TASK TO CARRY OUT
Starting at the first line of the entries, extract each line up to and including the one that contains "Öte yandan bir", but leave out the pictures.

##### RECORDS SHOWN #####

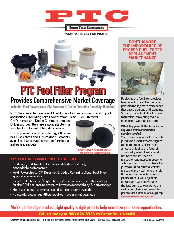 PTC’s Fuel Filter Program delivers OE-quality protection for both gas and diesel vehicles. With extensive coverage—including Ford Powerstroke, GM Duramax, and Dodge Cummins applications—plus a full range of universal filter options, PTC helps protect today’s fuel systems while minimizing installation headaches.
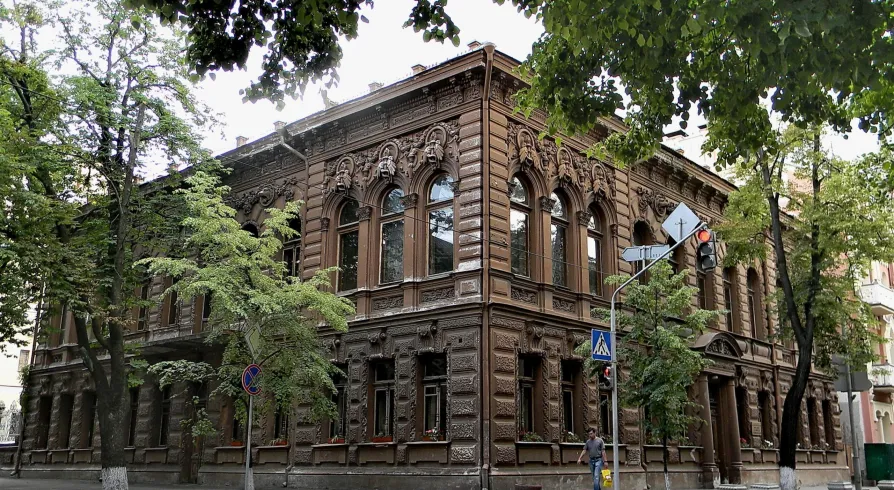 The house is a striking example of Neo-Renaissance architecture, best known for its interiors. Each room follows a different style, blending Rococo, Baroque and Art Nouveau. Inside, you’ll find the Moorish Hall, a former smoking room, the Garnet Drawing Room, the White Hall with a Venetian mirror, and a space with original stained-glass windows featuring irises. Over the years, the building served as a residence for high-ranking officials and even as a Wedding Palace. It is also part of the Kyiv Picture Gallery, and before the full-scale invasion it regularly hosted exhibitions of painting and sculpture.
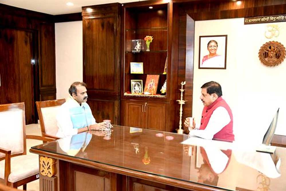 मुख्यमंत्री डॉ. यादव से केंद्रीय सूचना एवं प्रसारण राज्यमंत्री मुरुगन ने की सौजन्य भेंट
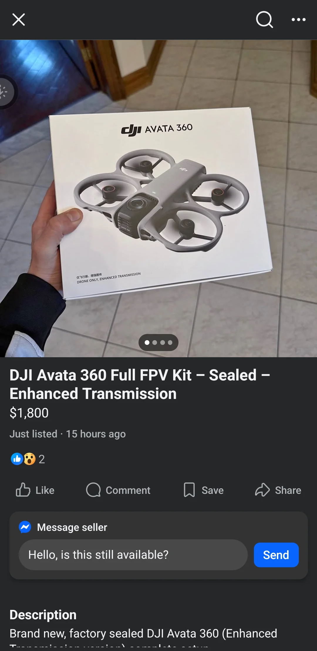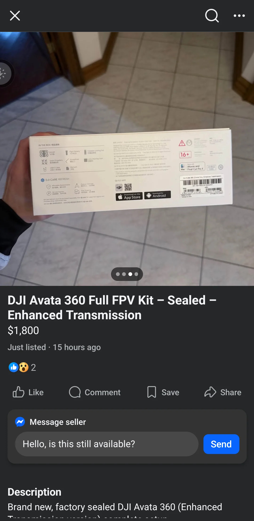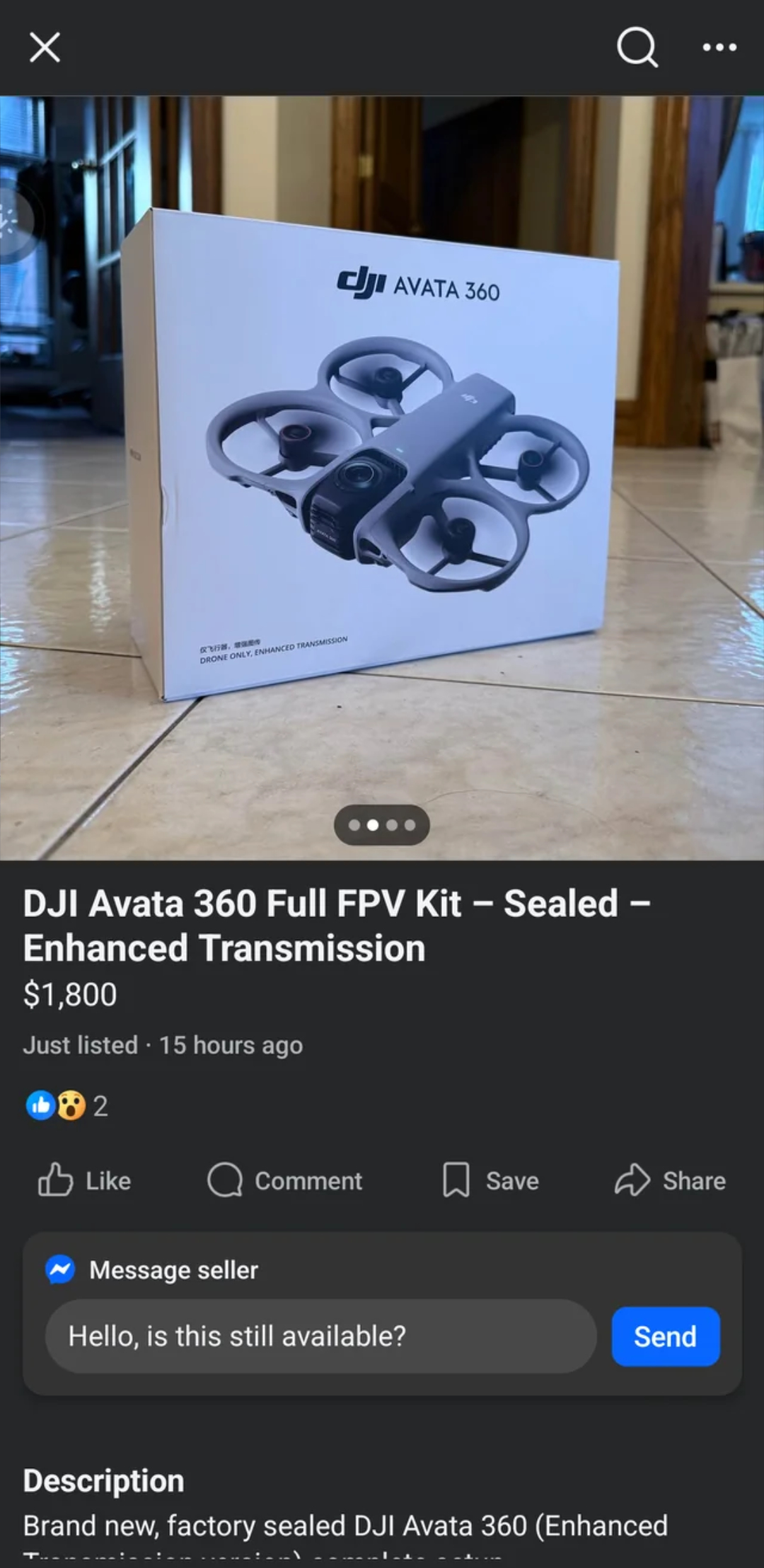 Öte yandan bir Redditor, Avata 360'ı Facebook Marketplace'te satan birini tespit etti. Facebook Marketplace drone'un kendisini göstermese de, sağlanan resimler Xdrones Studio'nun görüntüsünde görünen perakende kutu tasarımını doğruluyor. Şu anda Jasper Ellens gibi bilgi sızdıranlar Avata 360'ın önümüzdeki ay Çin'de piyasaya sürüleceğine inanıyor. Fiyatlandırmanın 2,988 CNY'den (~435$) başlayacağı söyleniyor; küresel bir lansman Nisan ayı başında gerçekleşebilir.
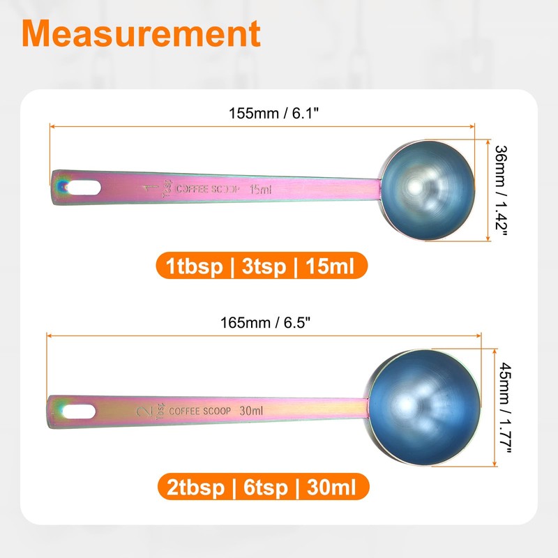 - Size - Teaspoon set is 1tbsp | 3tsp | 15ml, 2tbsp | 6tsp | 30ml, color is multicolor, the total size is 155 x 36mm / 6.1 x 1.42 inch (L*W), 165 x 45mm / 6.5 x 1.77 inch (L*W), and the handle size is 120 x 12mm / 4.72 x 0.47 inch (L*W), 120 x 13mm / 4.72 x 0.51 inch (L*W). The accurate measurement size is engraved on the handle of the teaspoon, which is easy to read, can effectively reduce measurement errors, and is durable.
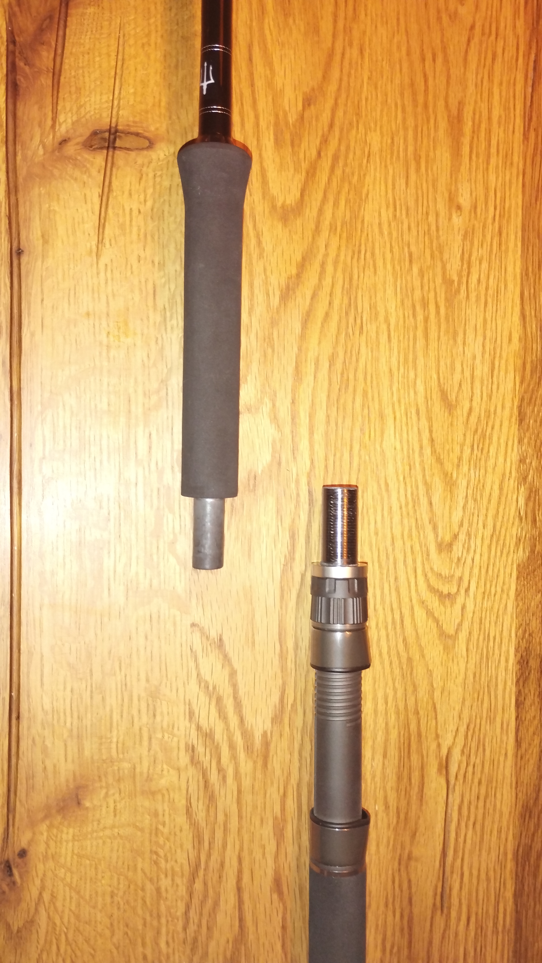Als ich den Blank zum ersten Mal in der Hand hatte, war ich mir auch nicht ganz sicher wie ich dazu stehen soll. Letztendlich habe ich mir aber die Tips von Sven zu Herzen genommen und a) den Griff wie zuvor beschrieben montiert und b) den Starter auf den Einschub des 3. Teils. Das Resultat ist eine fertig montierte 4-Teilige Rute wo man tatsächlich 2x hinschauen muss um die 3 sichtbaren Verbindungen zu bemerken.

#####

ANSWER BELOW
 PTC’s Fuel Filter Program delivers OE-quality protection for both gas and diesel vehicles. With extensive coverage—including Ford Powerstroke, GM Duramax, and Dodge Cummins applications—plus a full range of universal filter options, PTC helps protect today’s fuel systems while minimizing installation headaches.
 The house is a striking example of Neo-Renaissance architecture, best known for its interiors. Each room follows a different style, blending Rococo, Baroque and Art Nouveau. Inside, you’ll find the Moorish Hall, a former smoking room, the Garnet Drawing Room, the White Hall with a Venetian mirror, and a space with original stained-glass windows featuring irises. Over the years, the building served as a residence for high-ranking officials and even as a Wedding Palace. It is also part of the Kyiv Picture Gallery, and before the full-scale invasion it regularly hosted exhibitions of painting and sculpture.
 मुख्यमंत्री डॉ. यादव से केंद्रीय सूचना एवं प्रसारण राज्यमंत्री मुरुगन ने की सौजन्य भेंट
 Öte yandan bir Redditor, Avata 360'ı Facebook Marketplace'te satan birini tespit etti. Facebook Marketplace drone'un kendisini göstermese de, sağlanan resimler Xdrones Studio'nun görüntüsünde görünen perakende kutu tasarımını doğruluyor. Şu anda Jasper Ellens gibi bilgi sızdıranlar Avata 360'ın önümüzdeki ay Çin'de piyasaya sürüleceğine inanıyor. Fiyatlandırmanın 2,988 CNY'den (~435$) başlayacağı söyleniyor; küresel bir lansman Nisan ayı başında gerçekleşebilir.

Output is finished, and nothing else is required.